Anyone up for a trip to Palm Beach Reef (just off Currumbin Creek) on Wednesday morning? If the weather holds then I will take the day off and head out for a fish. Not sure about times yet, but I imagine I will aim to launch between 6-7am. I haven't been to the area before, but it looks like there is a good launch site/boat ramp in an inlet just to the W of the breakwall. At the moment I am going to be trying to find the reef with a couple of dodgy GPS points sourced off the net, so if anyone can give me a more accurate indication of where the hot spots are I would be grateful.
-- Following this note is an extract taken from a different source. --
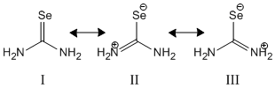 Both the shortened length of the N−C bond and the longer Se=C bond suggest a delocalization of the lone pair on the amines; the Se=C π-bonding electrons are drawn towards the selenium atom, while the nitrogen's lone pair is drawn towards the carbonyl carbon. A similar effect is observed in urea and thiourea. In going from urea to thiourea to selenourea the double bond is more delocalized and longer, while the C−N σ bond is stronger and shorter. In terms of resonance structures, the selenol form (structures II, III) is more prevalent compared to urea and thiourea analogs; however, the lone pair the nitrogen of selenourea delocalizes only slightly more than the lone pair on thiourea (in contrast to a much greater delocalization in going from urea to thiourea).[6] These minor differences suggest that the properties emergent from the delocalized nitrogen lone pair and destabilization of the C=S and C=Se π bond in thiourea and selenourea will also be similar.

The plan will be to drift with live bait/use pillies on a 20lb outfit and use SPs on my bream gear.

Cavid


----------



## FishinRod (Mar 2, 2007)

Hi Cavid,
Its a longtime since I fished Palm Beach reef in a power boat.
From memory you've got to head a fair way towards Tallebudgera creek to get to the reef. 
I believe that there is a website that will give you all of the co-ordinates.


----------



## Guest (Nov 11, 2007)

Dammit, wish you'd have said Friday. I badly want to do a trip to Palm Beach Reef.


----------



## Heath (Nov 15, 2006)

Look forward to your report. 
The reef is in 20m of water straight out from 19th Ave apartments.( tallest building on Palmbeach)


----------



## liquor box (Jun 4, 2007)

I would love to head out, I can get down there by about 6.30-6.45am.

I will send you a message about it


----------



## Cavid (May 2, 2007)

All,

I have never been to the reef before, but if you go to the Eastern side of Currumbin Creek, there is a large set of carparks off Duringan St. I will aim to park in the NW carpark (so long as there aren't too many surfers!) and launch from the beach nearby.

I will probably aim to be there by 6 - 6:30am. I have a red hobie adventure, so you shouldn't have any trouble finding me.


----------